Afterwards he said to him, “O noble chief, what is this full wallet in your hand?”
He replied, “My bread and provender and food left over from last night, which I am taking along with me to nourish my body.”
❦485. “Why don't you give some bread and provender to the dog?” he asked. He replied, “I have not love and liberality to this extent.
Bread cannot be obtained by a traveller on the road without money, but water from the eyes costs nothing.”
He, the beggar, said, “Earth be on your head, O water-skin full of wind! for in your opinion a crust of bread is better than tears.”
Tears are originally blood and have been turned by grief into water: idle tears have not the value of earth.
He, the Arab, made the whole of himself despicable, like Iblís the Devil: a piece of this whole is naught but vile.
❦490. I am the devoted slave of him who will not sell his existence save to that bounteous and munificent Sovereign,
So that when he weeps, heaven begins to weep, and when he moans in supplication, the celestial sphere begins to cry, “O Lord!”
I am the devoted slave of that high-aspiring copper which humbles itself to naught but the Elixir.
Lift up in prayer a broken hand: the loving kindness of God flies towards the broken.

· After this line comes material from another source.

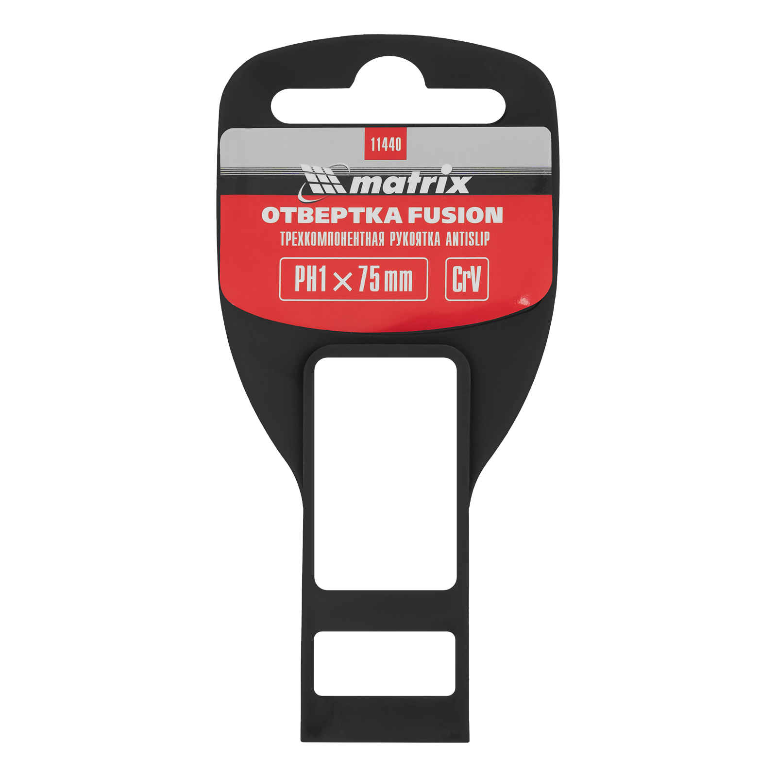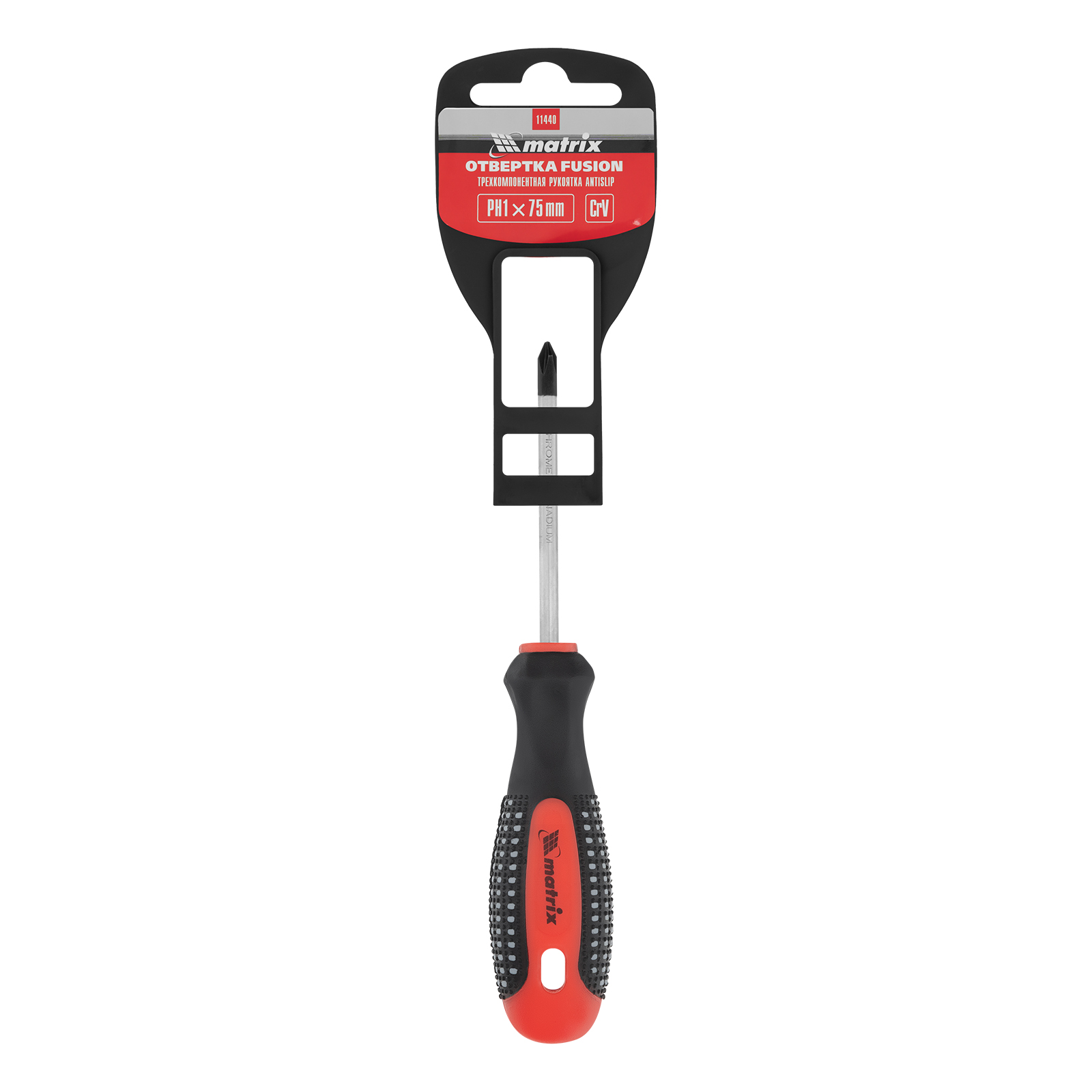 Отвертка Matrix Fusion 11440, PH1 х 75 мм, из стали CrV, с 3-х компонентной рукояткой «anti slip», предназначена для работ с резьбовым крепежом, имеющим крестообразный шлиц Phillips. Профессиональная отвертка пригодится при выполнении строительных, монтажных и ремонтных работ, а также при сборке мебели и ремонте автомобиля. Длина стержня 75 мм позволяет работать с крепежом, расположенным на поверхностях и в углублениях.

If thou hast need of deliverance from this narrow dungeon of the world, O brother, go without delay and cast thyself on the fire.
❦495. Regard God's contrivance and abandon thine own contrivance: oh, by His contrivance all the contrivance of contrivers is put to shame.
When thy contrivance is naughted in the contrivance of the Lord, thou wilt open a most marvellous hiding-place,
Of which hiding-place the least treasure is everlasting life occupied in ascending and mounting higher.
Do not regard thy peacock-feathers but regard thy feet, in order that the mischief of the evil eye may not waylay thee;
For even a mountain slips from its foundations at the eye of the wicked: read and mark in the Qur’ān the words, "they cause thee to stumble."
❦500. From their looking at him, Ahmad Mohammed, who was like a mountain, slipped in the middle of the road, without mud and without rain.
He remained in astonishment, saying, “Wherefore is this slipping? I do not think that this occurrence is empty of meaning.”